* [Provided material]
————————

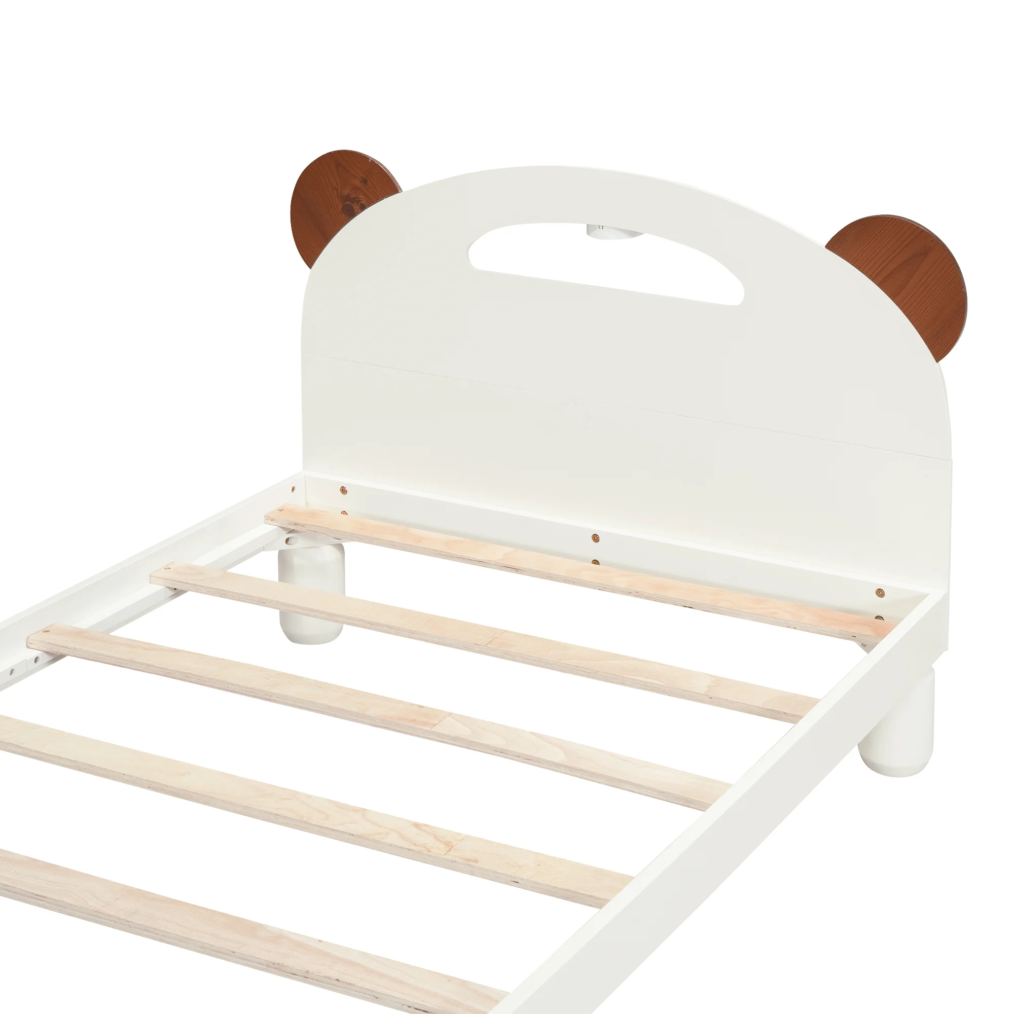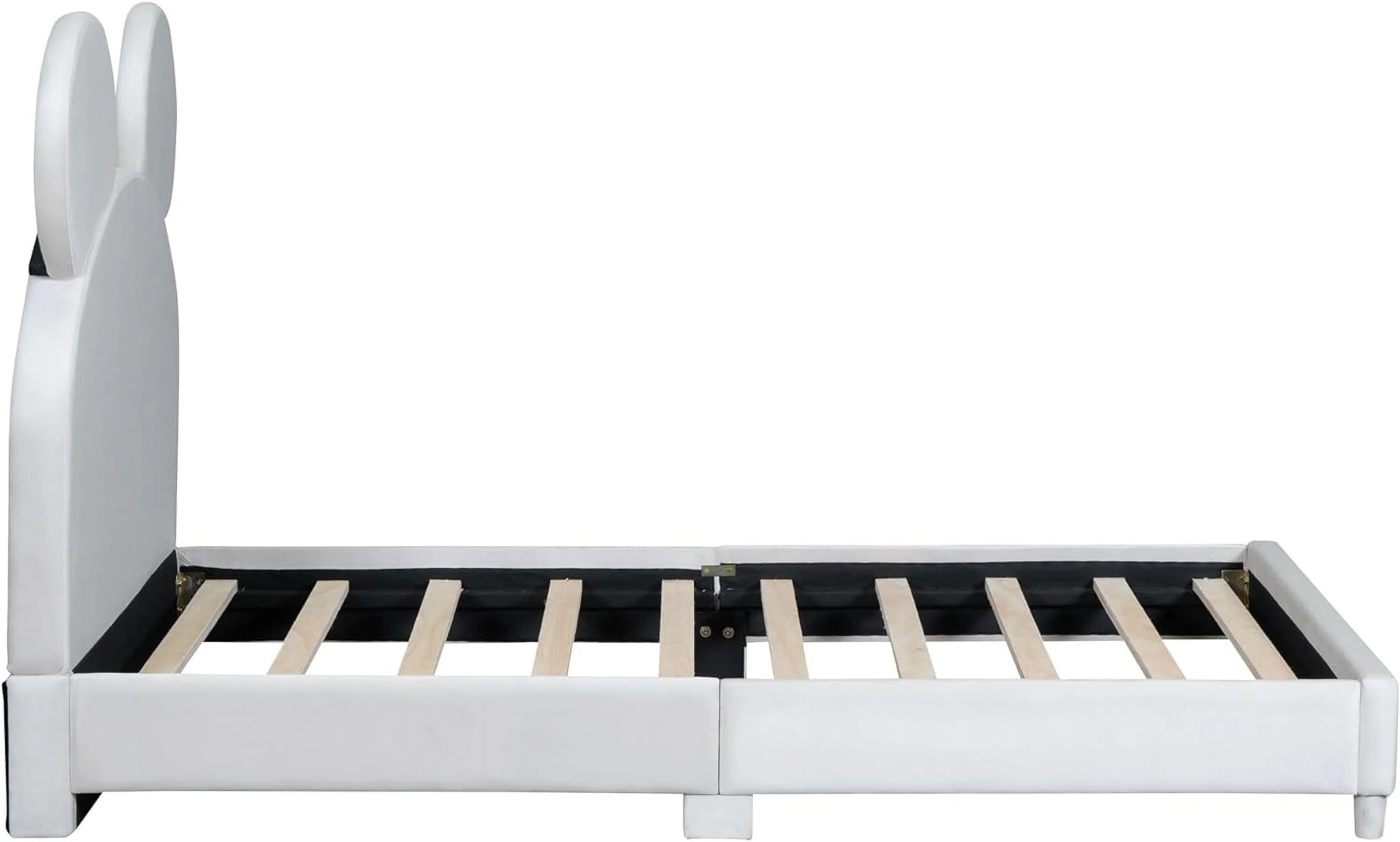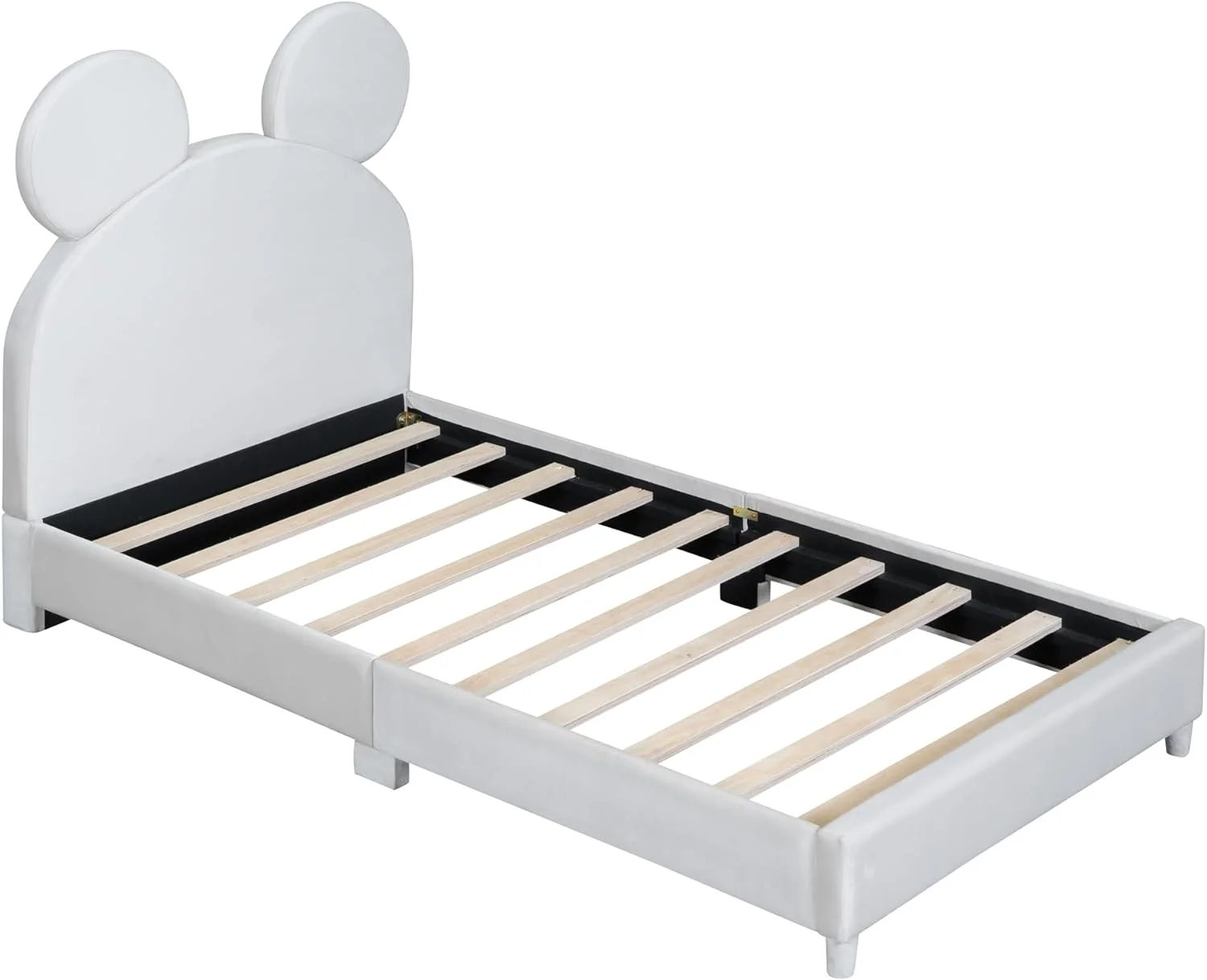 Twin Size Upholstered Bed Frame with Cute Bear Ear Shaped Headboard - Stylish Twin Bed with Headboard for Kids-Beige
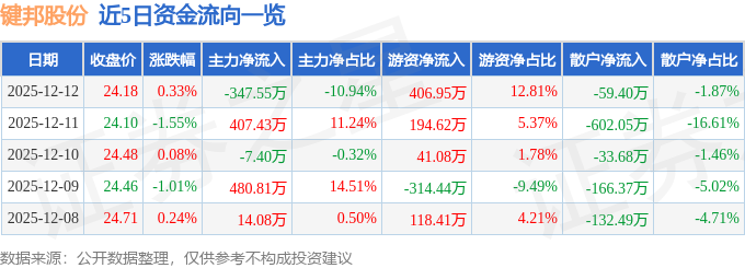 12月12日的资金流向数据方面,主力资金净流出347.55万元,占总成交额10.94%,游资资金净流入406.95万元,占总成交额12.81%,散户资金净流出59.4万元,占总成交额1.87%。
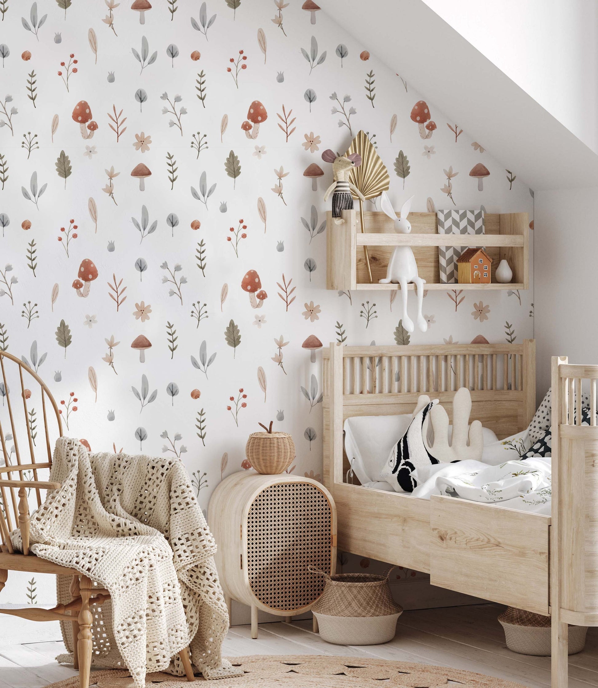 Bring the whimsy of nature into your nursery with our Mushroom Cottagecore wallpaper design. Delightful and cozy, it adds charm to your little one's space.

————————

* [Work task]
Starting at the line that contains "12月12日的资金流向数据方" and ending at the final line of the data, reproduce each line exactly. Pictures stay out of the copy.

* [Result]
 12月12日的资金流向数据方面,主力资金净流出347.55万元,占总成交额10.94%,游资资金净流入406.95万元,占总成交额12.81%,散户资金净流出59.4万元,占总成交额1.87%。
 Bring the whimsy of nature into your nursery with our Mushroom Cottagecore wallpaper design. Delightful and cozy, it adds charm to your little one's space.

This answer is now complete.